# Given entries
Segment Open

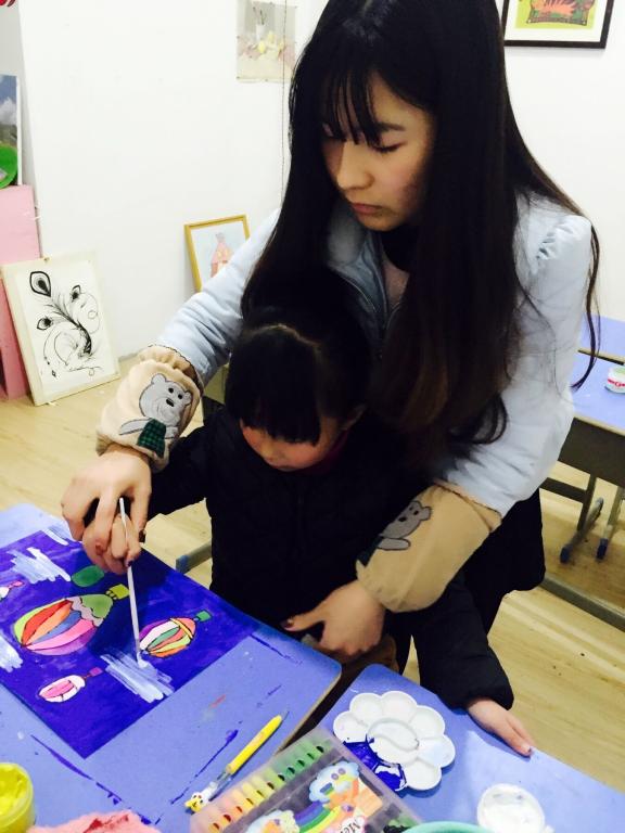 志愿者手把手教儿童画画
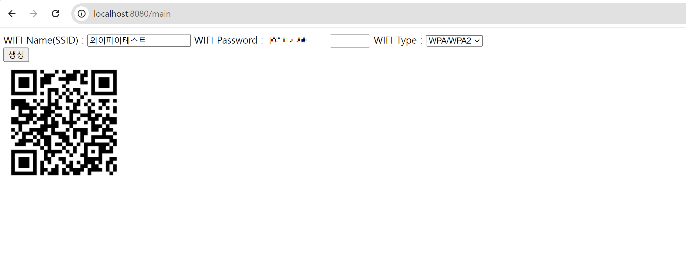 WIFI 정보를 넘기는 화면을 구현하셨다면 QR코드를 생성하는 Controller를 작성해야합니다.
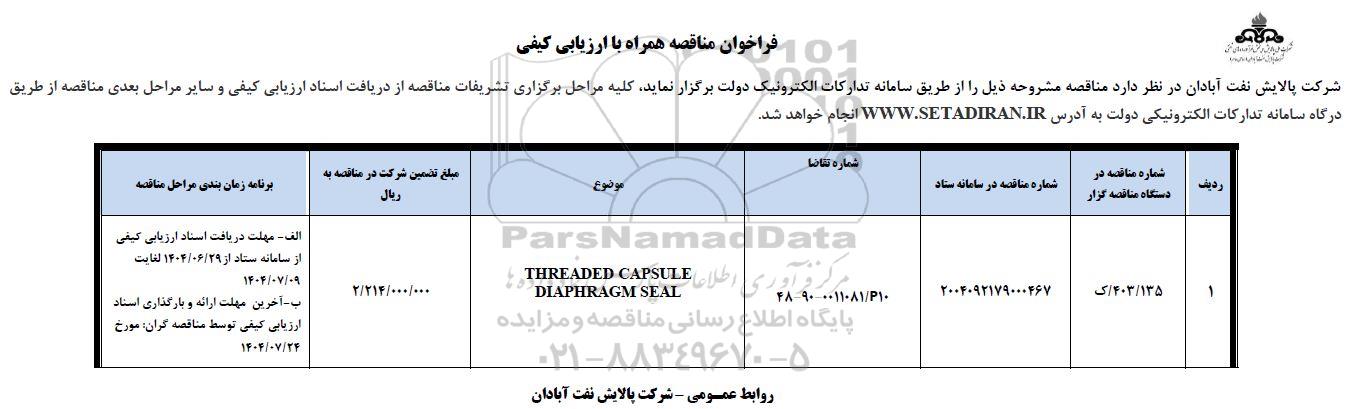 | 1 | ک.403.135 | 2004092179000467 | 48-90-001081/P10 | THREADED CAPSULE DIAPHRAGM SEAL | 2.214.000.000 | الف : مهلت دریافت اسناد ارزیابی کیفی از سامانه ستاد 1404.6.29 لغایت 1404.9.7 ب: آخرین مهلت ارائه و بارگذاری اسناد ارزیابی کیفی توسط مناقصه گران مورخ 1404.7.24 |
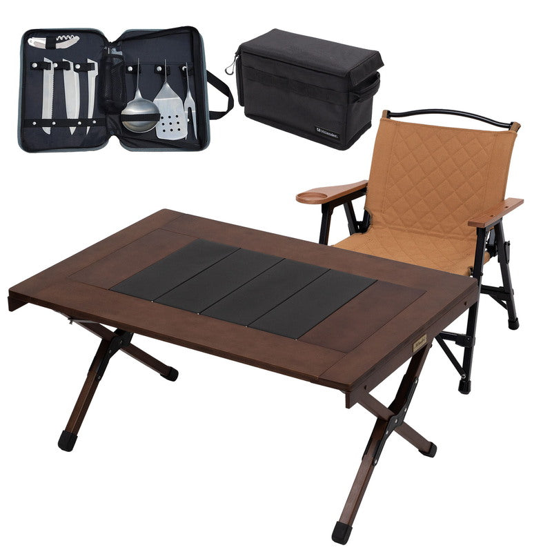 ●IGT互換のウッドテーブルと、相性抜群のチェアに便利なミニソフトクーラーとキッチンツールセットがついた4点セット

Segment Closed
Segment Open

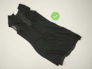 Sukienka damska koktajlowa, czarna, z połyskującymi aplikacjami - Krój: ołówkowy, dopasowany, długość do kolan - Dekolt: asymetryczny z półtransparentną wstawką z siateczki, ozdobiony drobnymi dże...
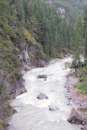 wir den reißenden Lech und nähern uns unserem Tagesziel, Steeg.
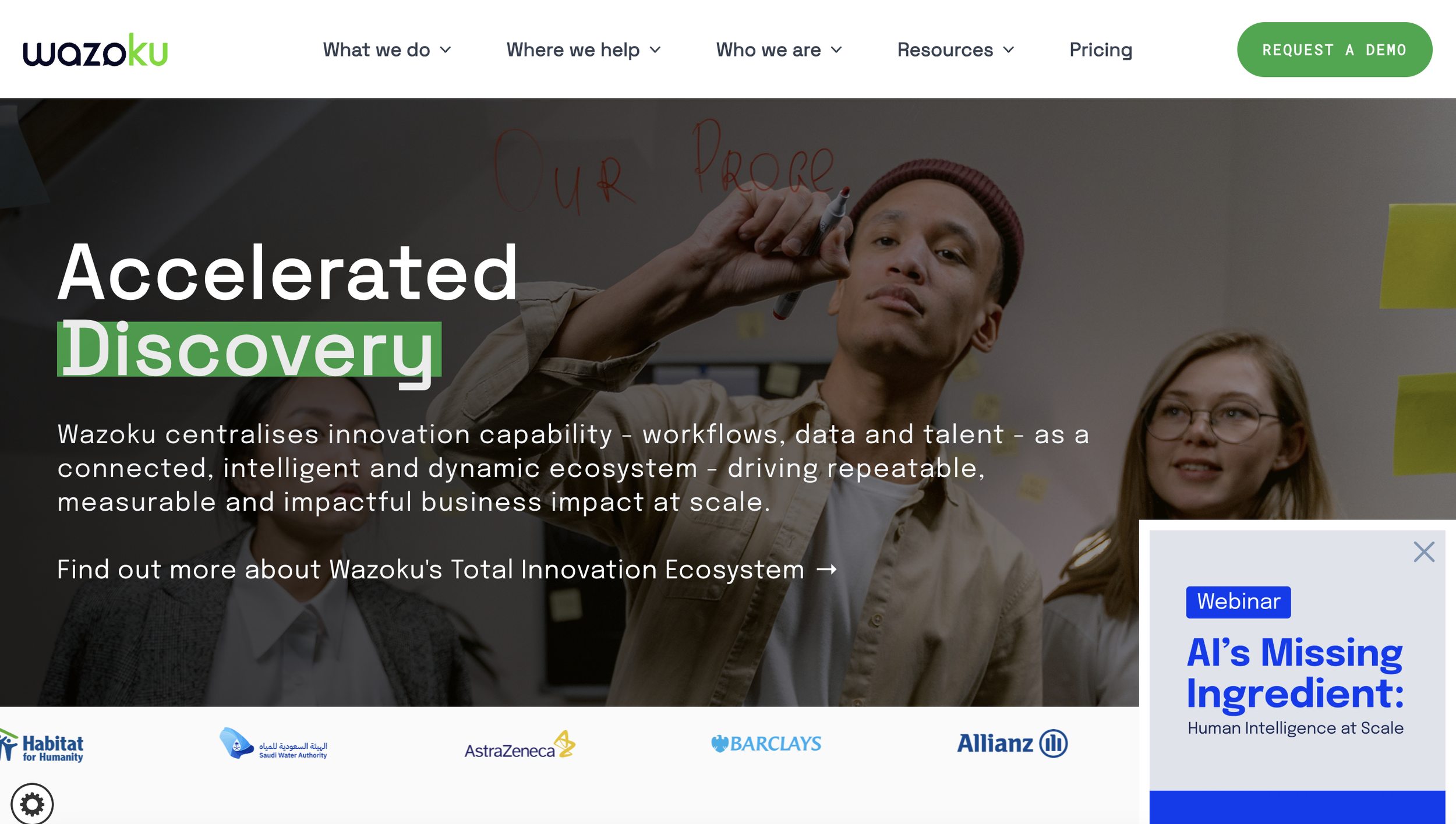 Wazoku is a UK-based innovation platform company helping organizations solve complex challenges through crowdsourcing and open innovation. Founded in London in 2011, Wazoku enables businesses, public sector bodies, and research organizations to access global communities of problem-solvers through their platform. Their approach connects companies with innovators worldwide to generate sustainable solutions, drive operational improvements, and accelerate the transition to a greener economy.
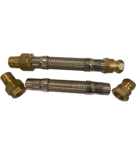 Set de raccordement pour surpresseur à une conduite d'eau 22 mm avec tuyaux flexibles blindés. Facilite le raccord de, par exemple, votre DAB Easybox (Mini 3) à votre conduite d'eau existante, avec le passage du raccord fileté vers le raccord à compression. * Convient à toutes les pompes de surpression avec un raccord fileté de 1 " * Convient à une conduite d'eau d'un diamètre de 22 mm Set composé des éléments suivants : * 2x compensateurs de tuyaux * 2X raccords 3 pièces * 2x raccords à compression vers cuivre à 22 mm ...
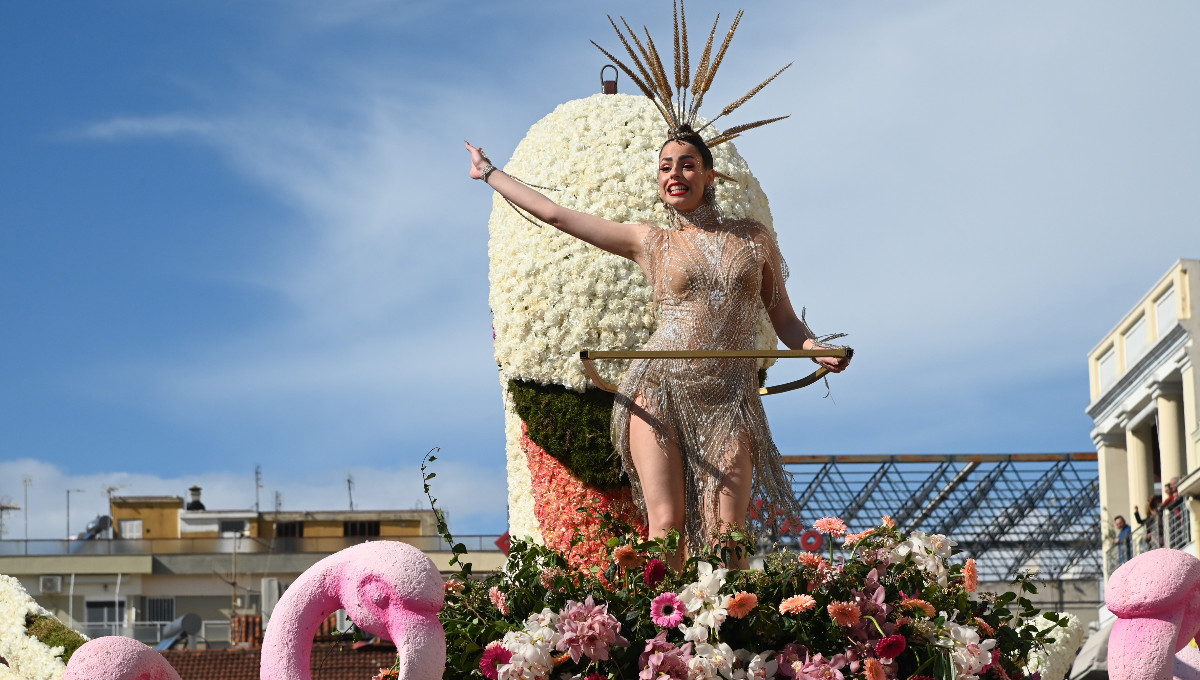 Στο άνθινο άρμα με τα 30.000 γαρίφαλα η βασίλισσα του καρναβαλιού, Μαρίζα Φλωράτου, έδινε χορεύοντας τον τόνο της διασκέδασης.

Segment Closed

# Action item
Copy out the listing above from the line containing "wir den reißenden" to the line containing "Wazoku is a", both included, exactly as written and minus the images.

# Response to this exercise
 wir den reißenden Lech und nähern uns unserem Tagesziel, Steeg.
 Wazoku is a UK-based innovation platform company helping organizations solve complex challenges through crowdsourcing and open innovation. Founded in London in 2011, Wazoku enables businesses, public sector bodies, and research organizations to access global communities of problem-solvers through their platform. Their approach connects companies with innovators worldwide to generate sustainable solutions, drive operational improvements, and accelerate the transition to a greener economy.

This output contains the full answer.